= Rinskje Visscher =

Dutch archivist (1868–1950)

Rinskje Visscher (10 December 1868 – 26 March 1950) was the first female municipal archivist in the Netherlands and published research about the city of Leeuwarden.

== Biography ==
Known as Rins Visscher, she was born in the village of Akkrum as the youngest of the five daughters of Jan Visscher, a Mennonite minister, and Julia Epkes van Mesdag. She was the niece of Codien Zwaardemaker-Visscher, her father's sister, who was active in the women's movement. She first went to primary school in Akkrum, where she grew up, and then to the French School for a year. In 1881 she moved to Leeuwarden where she attended the Secondary Girls' School (MMS). During that period she lived with her uncle Eilard Attema, a lawyer and deputy of Friesland province, and her aunt Rinskje Epkes van Mesdag (after whom she was named).

Visscher earned her diploma in 1886 and continued her studies to obtain the certificate of primary education and the lower certificates of French, English and German. After gaining these certificates, she taught for a short time in Sneek and Arnhem but she decided that teaching was not for her and moved to Switzerland to study French at the University of Geneva. Back in the Netherlands, she obtained the certificates of Secondary French A and B.

She began working at her first job in 1898, in the antiquarian bookshop of Martinus Nijhoff in The Hague. During this time she wrote the catalog for the National Exhibition of Women's Labor.

=== Municipal archivist ===
On 9 May 1900, Visscher was appointed the municipal archivist of Leeuwarden becoming the first female municipal archivist in the Netherlands. She began her work there on 15 June 1900 and took her oath of office the next day. In the magazine De Vrouw en haar Huis, Johanna Naber wrote that Visscher, by becoming the municipal archivist, 'paved a new path for the development of female intellect, of female labor power'.
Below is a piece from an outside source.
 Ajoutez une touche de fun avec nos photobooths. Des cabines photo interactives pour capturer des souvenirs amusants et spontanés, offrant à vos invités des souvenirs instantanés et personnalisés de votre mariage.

During the annual meeting of the Association of Archivists (VAN) on 16 June 1900, it was unanimously decided that Visscher should not be allowed to become a member of the association, because her work was not sufficiently scientific in nature. According to Samuel Muller, chairman of the Association of Archivists (VAN), the only advantage of women playing an active role in the archival world was that it would "make the reputation of dryness and stuffiness disappear when ladies, arch enemies of stuffiness, come to work with us and through their loveliness make a visit to an archive a relaxation and a pleasure." Despite her earlier rejection by VAN, on 19 October 1909 Visscher officially accepted an invitation to become a member after all.

=== Research ===
As an archivist, Rinskje Visscher compiled an inventory of the archives of two medieval hospices and the oldest pious guild in Leeuwarden. She made a new catalog of the City Library and contributed to the Supplement to the Leeuwarden City History by Eekhoff from 1846.
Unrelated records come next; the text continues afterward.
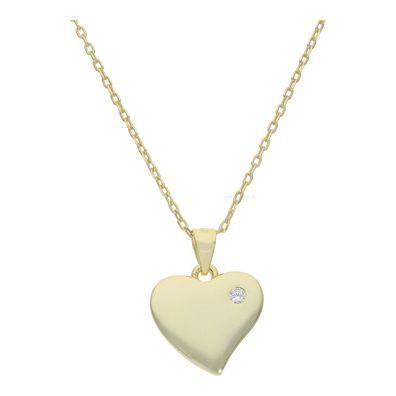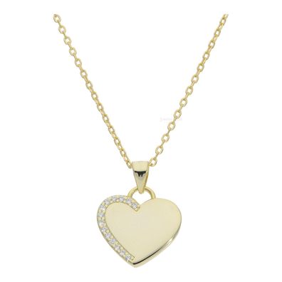 • Gravur Anhänger mit Kette Silber 925 Goldplattiert Herz, Zirkonia FSCO004gg
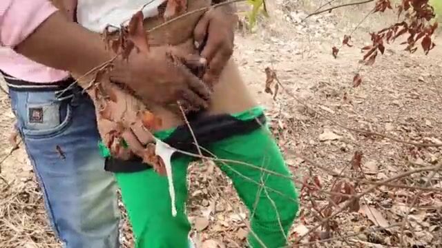 A dirty young Indian couple goes to the jungle. The pervert BF puts his hand on her boobs and squeezes them. When the girlfriend gets horny, the pervert removes her lower and makes her naked. Later, the boyfriend fucks his slut girlfriend like a cheap whore. At last, he cums in her pussy.
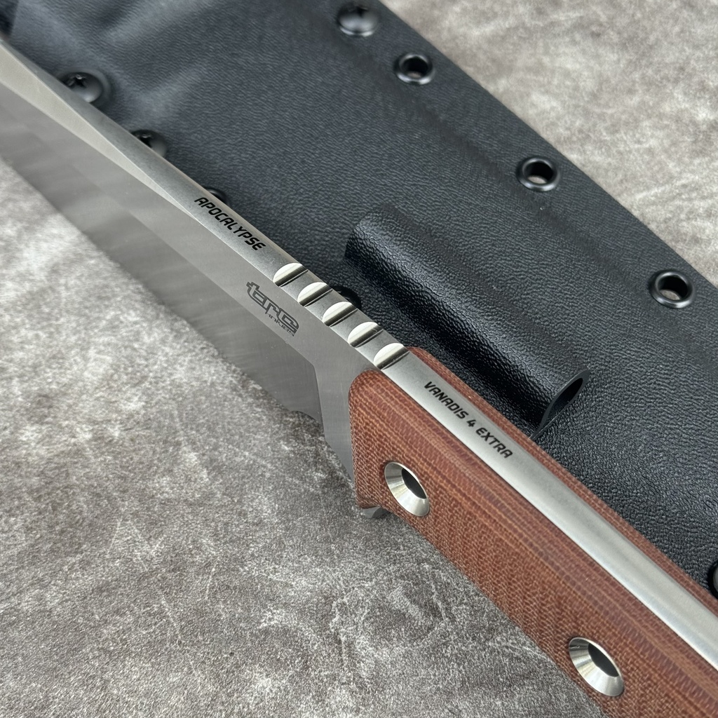 Apocalypse to z jednej strony nóż wykonany na potrzeby ekstremalnego survivalu, kiedy znajdujemy się w sytuacji być albo nie być. Z drugiej strony to uniwersalny wybór na potrzeby codziennych prac bushcraftowych, gdzie oprócz standardowej funkcji narzędzia tnącego, krojącego itd., przez wzgląd na jego bardzo duże gabaryty, może on skutecznie zastąpić siekierę (batonowanie drewna), lub maczetę (oczyszczanie terenu pod obóz, drogi itd.).

On 24 October 1934, Visscher retired from her duties at age 65 after working as a municipal archivist in Leeuwarden for 33 years. After her retirement, she remained in Leeuwarden and published works on historical subjects for several more years.
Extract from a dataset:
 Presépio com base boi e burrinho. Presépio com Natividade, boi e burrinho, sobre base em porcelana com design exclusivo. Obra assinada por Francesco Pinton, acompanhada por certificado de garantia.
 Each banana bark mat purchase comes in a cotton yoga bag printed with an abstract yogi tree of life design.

In July 1940, she moved to Amersfoort, where she stayed in several boarding houses until her death. She died there on 26 March 1950, at the age of 81 and was cremated at Westerveld, where her ashes were interred in grave 1308747.

=== Honors ===
1940: appointed Knight in the Order of Orange Nassau.

== Selected works ==
- Visscher, Rinskje. Leeuwarden van 1846 tot 1906: een vervolg op Eekoff's geschiedkundige beschrijving van Leeuwarden (Leeuwarden from 1846 to 1906: a sequel to Eekoff's historical description of Leeuwarden). Nijhoff, 1908.
- Visscher, Rinskje. Iets over het muziekleven te Leeuwarden in het begin der 17e eeuw (Musical life in Leeuwarden in the early 17th century). publisher unknown, 1925.
- Visscher, Rinskje. Catalogus der stedelijke bibliotheek van Leeuwarden (Catalog of the City Library of Leeuwarden). Martinus Nijhoff, 1932.